Santa Clara, California 95054
June 2, 2025
SUPPLEMENT TO THE PROXY STATEMENT FOR
2025 ANNUAL MEETING OF STOCKHOLDERS
Dear Stockholders:
On or about May 2, 2025, Pure Storage, Inc. (Pure Storage) made available a proxy statement to its stockholders describing the matters to be voted on at Pure Storage’s 2025 Annual Meeting of Stockholders. We are writing to encourage you to vote FOR on Proposal 3 to approve, on a non-binding advisory basis, the compensation of Pure Storage’s named executive officers (the 2025 Say-on-Pay Proposal) and to vote FOR the reelection of Pure Storage’s directors.
Recently, Institutional Shareholder Services (ISS) recommended voting AGAINST the 2025 Say-on-Pay Proposal and, based on that, also AGAINST the election of Pure Storage’s directors. The primary objection appears to be that we are viewed as showing “limited responsiveness to last year's failed say-on-pay vote” due to the committee failing to provide additional commitments or reasonable assurances regarding compensation decisions in the future.

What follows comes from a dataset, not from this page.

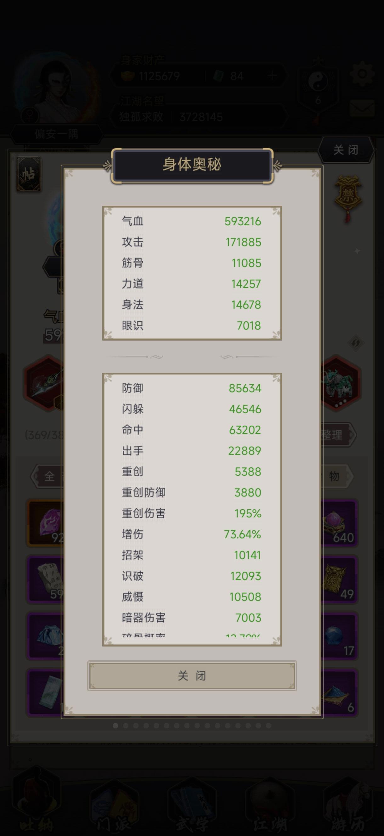 漫长的沉淀啊,四个多月,就差一点就超过我在七星堡的时间了(多亏大活动,几天前刚过八仙的我只能打阎百战半血,然后这两天我把一个7阶眼识和一个7阶力道八卦石升8阶)如今,也正式突破了飞鹰堡这个全是单怪、还需要命中(阮红妆)、还设计上让你走闪避所以相对数值的图,飞鹰堡感觉各个方面都很不适合架山崩,花了两倍时间总算过了。回过头来,再三强调叠甲,我这不是玩法,没有意义,不提倡任何人玩(特别是千万不要卡9

Our compensation committee believes its engagement and response to the 2024 say-on-pay vote results was robust and appropriate. We strive to honor and believe that we have demonstrated our commitment to pay for performance over the years, including as reflected again in the fiscal 2025 executive compensation program. Consistent with our disclosures and the history of the compensation program at Pure Storage, we acknowledge and affirm that in-flight award modifications and special equity awards akin to the 5-Year PSU program are exceptional and not regularly recurring compensation decisions. Specific commitments to restrict or control future compensation decisions, without the benefit of understanding the context and circumstances surrounding such future decisions, may not be appropriate.
We urge stockholders to vote “FOR” the 2025 Say-on-Pay Proposal and the FOR the reelection of the directors for the reasons set forth herein.